There she was! She was running along the shore of the island, bowed over, stooping, racing, looking like a child, her hair loose and blowing in front of her, her feet bare. Oh, thank God, thank God. What was the matter with her foot? Homer shouted at her, but his words were blown back in his mouth. He lifted his paddle and tried to turn the canoe, but it wouldn't budge. It was those buttonbushes, damn them. The water between the island and the mainland was thick with them, and what had looked like a clear channel was a sunken morass of bushes.
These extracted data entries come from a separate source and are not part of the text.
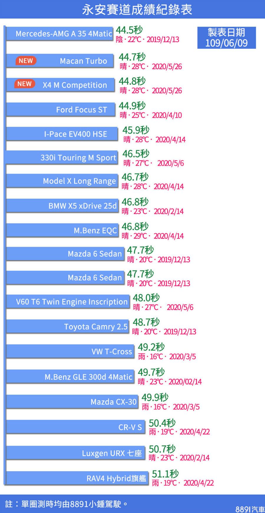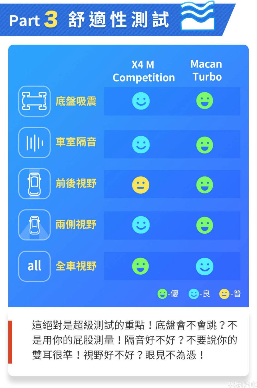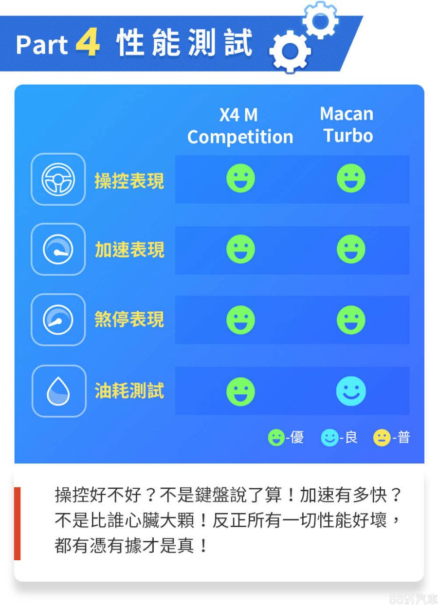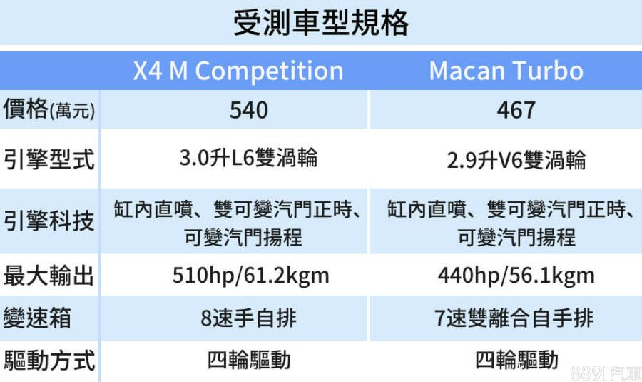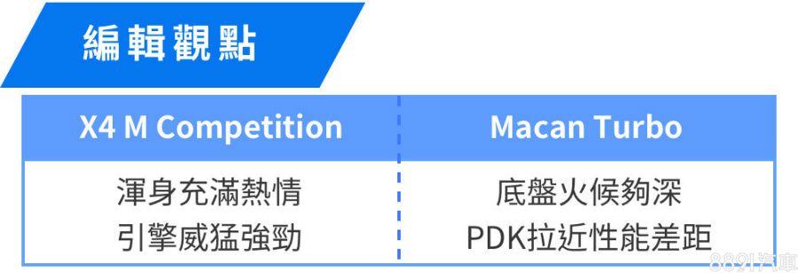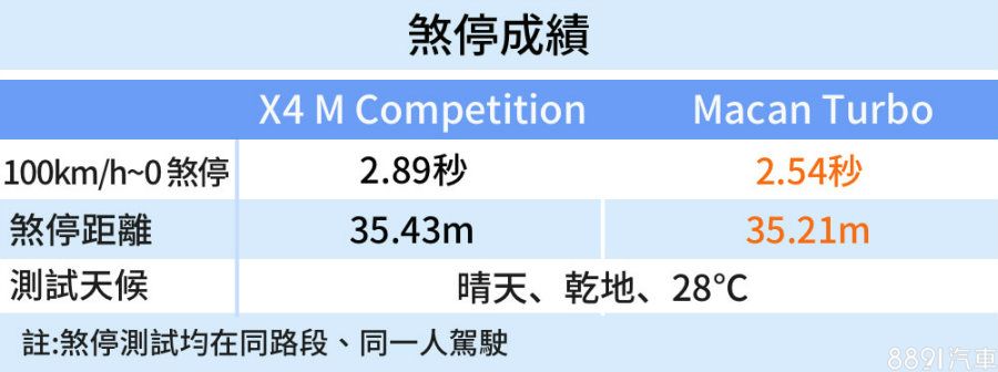 看到兩車的各項加速成績,Macan Turbo僅有初段0~60km/h勝出,其他部分都不如X4 M Competition,顯現馬力更大的優勢之外,40~70km/h跟變速箱退檔反應也有關係,就算X4 M Competition的自排沒有PDK變速箱那樣犀利,但這也是同場比較才有的高低之別,性能表現絕對禁得起考驗!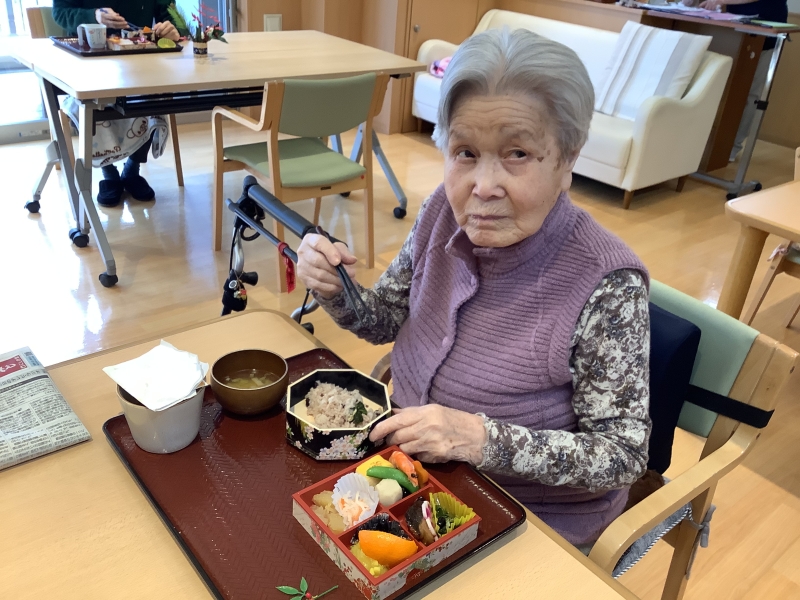利用者さんに美味しいおせちを食べていただきたいと思い、厨房さんにお願いしておせちを作っていただきました♪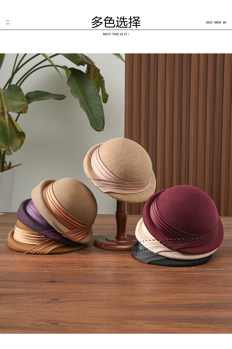 ALBB-布塔贝雷帽女秋冬季英伦羊毛蓓蕾帽时尚百搭显脸小百搭小礼帽1310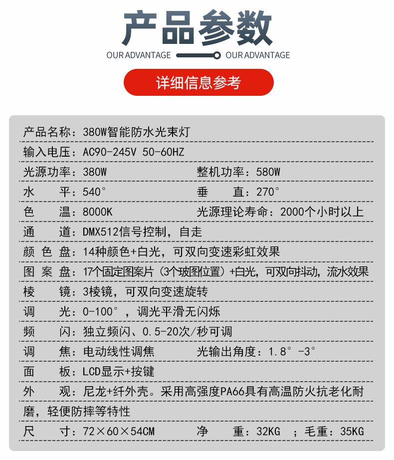 户外演出一束光探照灯380W公园灯光秀酒店楼顶使用远程防水光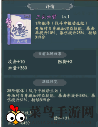 2、法天象地和三头六臂可显著增强暴击几率和暴击伤害,灭心魔种同样能够提升暴击伤害,而解尸法提供的复活能力极大地提升了游戏的容错率。玩家们可依据灵兽特性,灵活搭配金鸡啼鸣等道法,形成多样化战斗策略。

Homer looked for Mary again. Where was she? And who was that? Someone with a great heavy spade in his hand was struggling from one tree to another, moving in pouncing rushes, ducking across the point to cut her off. It was Howard! Oh, God, it was Howard! Homer clawed with his hands at the bushes, tearing at them, inching forward. Too slow, too slow! Why in the name of God didn't he have a gun?

The storm had passed its height, and the force of the wind was abating slightly. For a moment the squalling winds died. But deep down in the muddy roots of the giant pine that stood in the clearing the thickened clods supporting the last clinging root-strands began to be waterlogged by the rising watertable, and slowly—slowly—the old tree began to tremble loose. It leaned a little way toward the clearing, where there was nothing to stay its fall, and began to topple.